— Петр Васильевич…
— Мариш, ну сколько раз просил! Петя я для тебя! В крайнем случае, Петр! Как Игорь Юрьевич меня всегда называл!
— Всегда… Всего-то несколько дней…
— Эти дни — как полжизни! Или не полжизни, но, может, во всей жизни самые важные!
— Хорошо, Петр, — Марина улыбнулась.
— Вот так-то! А для Маришки-малышки я вообще дядя Петя!
— А меня Игорь Юрьевич в своем блокноте называл «Маринка-маленькая»… Вслух — никогда, а писал — так… Петр, пора, время подходит!
Они стояли перед главным входом. Две высокие колонны по сторонам, красная пятиконечная звезда на каждой; между колоннами, во всю ширину, транспарант:
ТЕХНОПАРК МАРЬГРАД
ДОБРО ПОЖАЛОВАТЬ
— Да, пойдем, — вздохнул Петр. — А я, когда сюда прихожу, каждый раз про СанВасилича вспоминаю. Вывеску, которую он к нашему Марьграду приладил… такую же почти, только поменьше… и белым она была по синему… А на этой, на обратной стороне, написано: «Доброго пути», а на той, нашей, такого не было… Эх, четыре года, как нет СанВасилича… А тут, где стоим сейчас, как раз была Слабина… — Сменил тему: — Букетик у тебя симпатичный! Ландышей раздобыла, надо же! Я-то замотался, про цветы позабыл, голова садовая…
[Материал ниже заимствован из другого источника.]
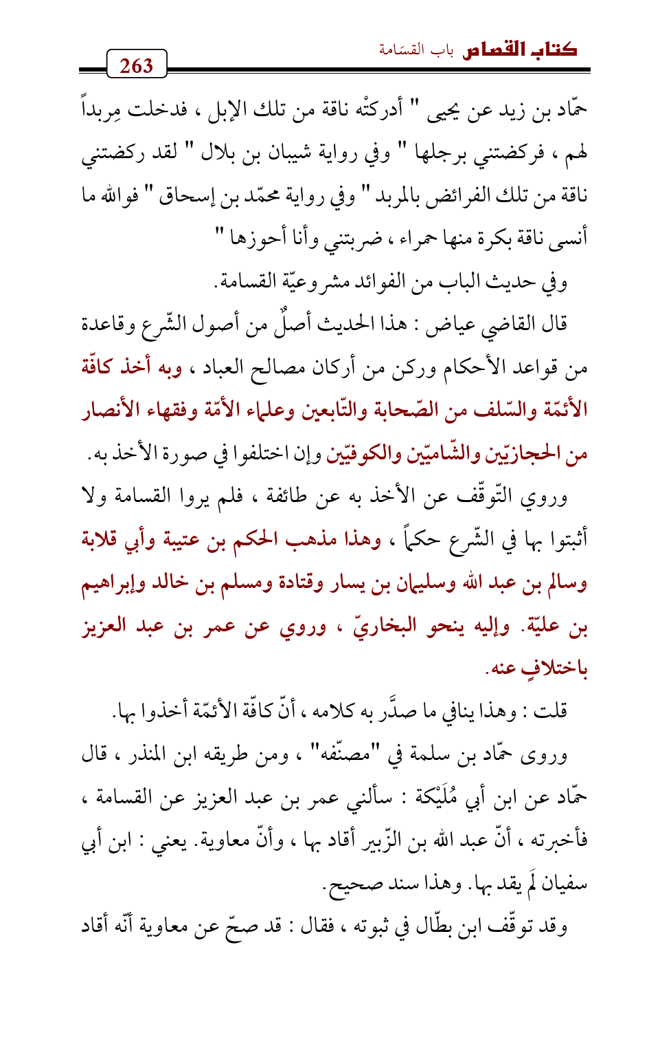 وروى حمّاد بن سلمة في " مصنّفه "، ومن طريقه ابن المنذر، قال حمّاد عن ابن أبي مُلَيْكة: سألني عمر بن عبد العزيز عن القسامة , فأخبرته , أنّ عبد الله بن الزّبير أقاد بها , وأنّ معاوية. يعني: ابن أبي سفيان لَم يقد بها. وهذا سند صحيح.

— Ничего, от нас двоих будет. Вернее, от троих. Да, Маришечка?
— Да! — согласилась та.
— Вот и положим немножко… к этой колонне… и к этой… и для других мест оставим…
Вошли в парк, двинулись по аллеям. Петр заговорил:
— Я у СанВасилича чему научился? Руки-то у меня не особо умелые, а главное, чему научился, это вот чему: поблажек себе не давать! Он как наставлял: выдалась минутка свободная, так ты, Петро, не ложись в потолок плевать и не в игрушки на планшетке своей играй. Ты книжки читай полезные, про технику всякую, а невмоготу читать, так хоть в зал сходи, на тренажерах подкачайся. После душ, это обязательно. После погляди — может, что сделать надо. Убрать, помыть, привинтить, дело-то найдется, было бы желание.
Вдруг спросил:
— Маришка-малышка, ты кем стать хочешь, как вырастешь?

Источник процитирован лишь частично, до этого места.